Opinions 1 August 2011

Jane McCredie: Hats off to helmet laws

Jane McCredie: The right reason - Featured Image
Authored by
Jane McCredie

GPs can get pretty creative requests for medical certificates at times, whether it’s workers taking a sickie or students looking for an extension on an assignment.

But some campaigners against mandatory bicycle helmet laws seem to be particularly optimistic about the outcome of their visit to the doctor’s surgery.

How would most doctors react, I wonder, to a patient presenting with a self-diagnosed “medical condition” of stinging eyes as a result of sweating caused by wearing a helmet?

That’s one strategy recommended on a Queensland cycling site as a way of getting a medical exemption from that state’s helmet laws.

Another contributor to the site claims a friend has a letter from his GP “which allows him not to wear a helmet during the day as he’d rather avoid skin cancer and wear a wide brimmed hat instead”.

That sounds about as convincing as getting a letter from your GP saying you didn’t want to wear a helmet because you couldn’t find one that matched your earrings.

If Cadel Evans could cope with wearing a helmet during his recent triumph in the Tour de France, it’s hard to see why it would be a medical issue for the rest of us. (The International Cycling Union made helmet wearing in competition compulsory in 2003 after the death of Kazakh rider Andrei Kivilev.)

The anti-helmet brigade might argue the real problem is that adults who choose to take the risk of riding bare-headed are being forced to adopt these kinds of convoluted strategems to avoid the force of the law.

It’s the same old question that raises its head whenever we’re talking about the balancing of individual freedom against the desire to protect people from preventable harms — think tobacco control, immunisation or compulsory wearing of seatbelts.

There’s no doubt a lot of people would like to ditch their bike helmets — more than two-thirds of respondents to a BMJ online poll last week said the headgear should not be compulsory for adults.

The anti-helmet campaigners do have some arguments on their side.

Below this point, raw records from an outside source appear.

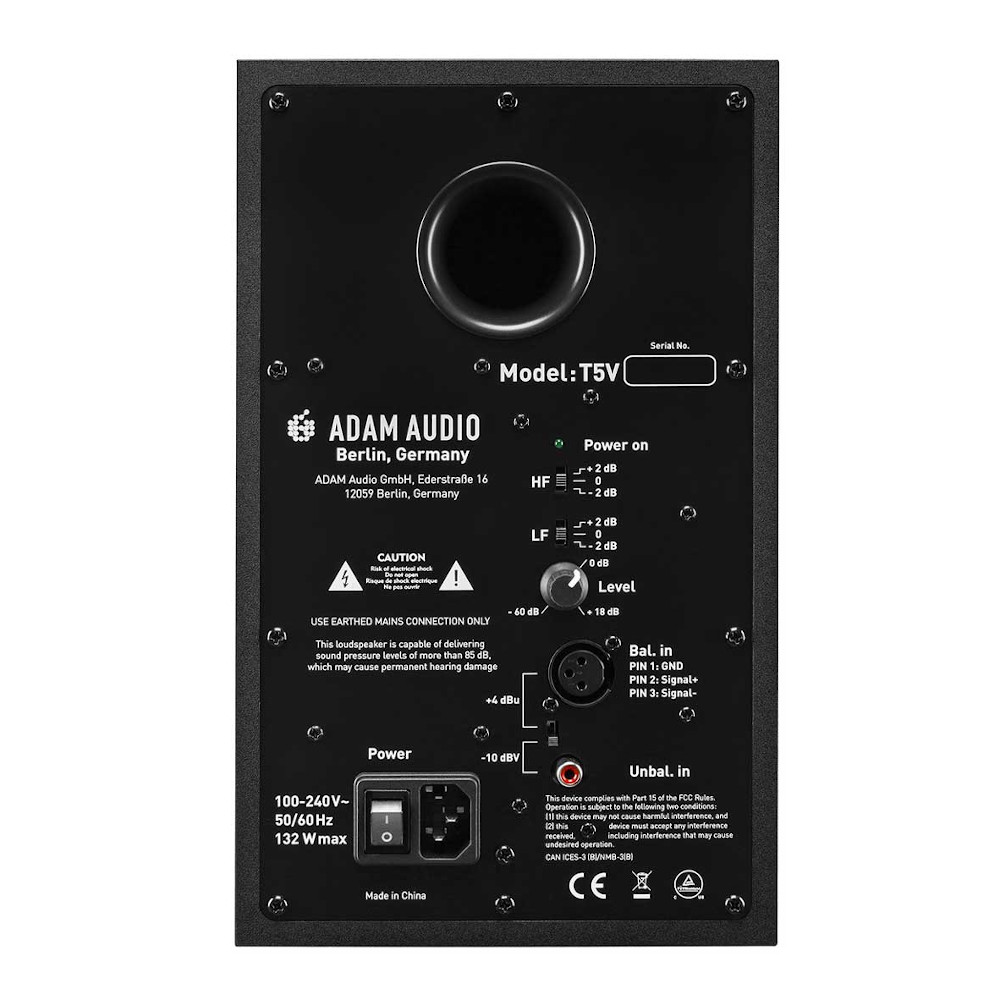 El MONITOR DE ESTUDIO ADAM T5V es un monitor de campo cercano de dos vías muy asequible y optimizado para salas de control pequeñas. Con su woofer de 5 “, la respuesta de frecuencia de graves del T5V se extiende a 45 Hz. El nuevo tweeter U-ART, una solución revolucionaria para uso en grabación y mezcla de alta resolución de bajo coste, alcanza hasta 25 kHz. La dispersión altamente uniforme de altas frecuencias que produce la guía de ondas proporciona un punto dulce increíblemente amplio. Esto nos libera de estar pegados a una posición de mezcla rígida mientras trabajamos.
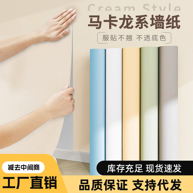 壁紙自己接着純色シールマカロン防水防湿壁紙寝室背景壁デスクトップたんす寝室客間
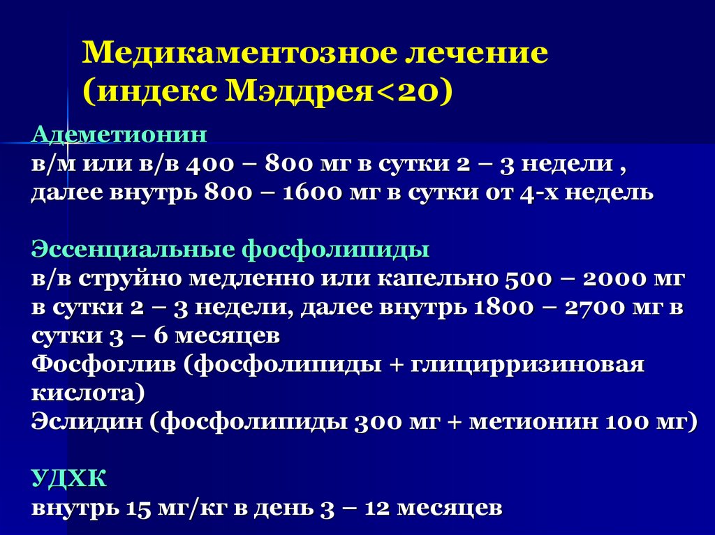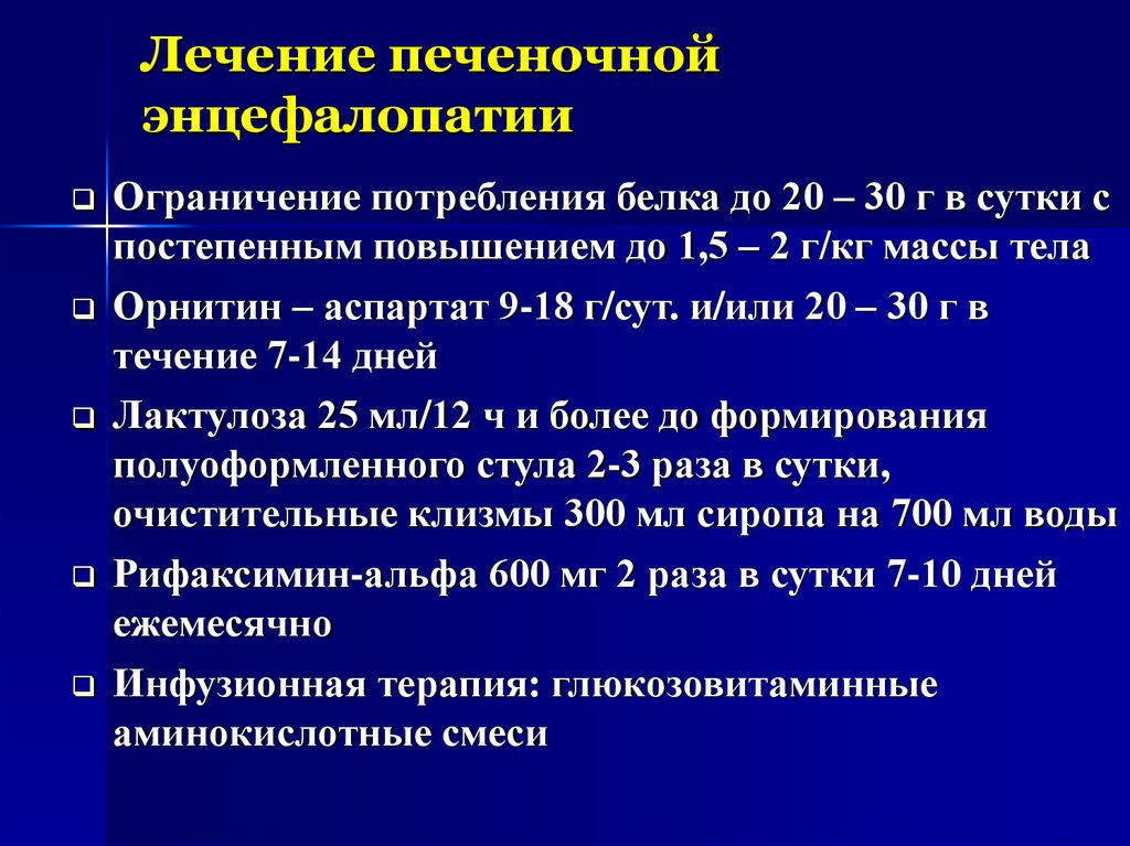 Орнитин – аспартат 9-18 г/сут. и/или 20 – 30 г в

Riding with the wind in your hair is definitely more fun than wearing a sweaty helmet (as long as you stay on your machine) and the wonderful free bicycle programs operating in many European cities have only been so successful because helmet wearing is not compulsory in those countries.

There may even be some validity in the argument that the health benefits of increased bicycle use would outweigh the increased injuries if the helmet laws were removed.

That would be a hard one to prove, though, whereas there is evidence for the protective role of helmets (despite some of the misinformation spread on the internet). A 2009 Cochrane review found that wearing a helmet reduced the risk of brain or head injury in cyclists involved in an accident by between 63% and 88%, and facial injury by 65%.

Some countries have taken a middle way, making helmets compulsory for children only, but the risk is that ditching your helmet might then become a marker of achieving adulthood.

Cycling is clearly something to encourage in our increasingly obese and resource-hungry world, so perhaps the most important question is, how can we find new ways of doing that without compromising safety?

Jane McCredie is a Sydney-based science and medicine writer.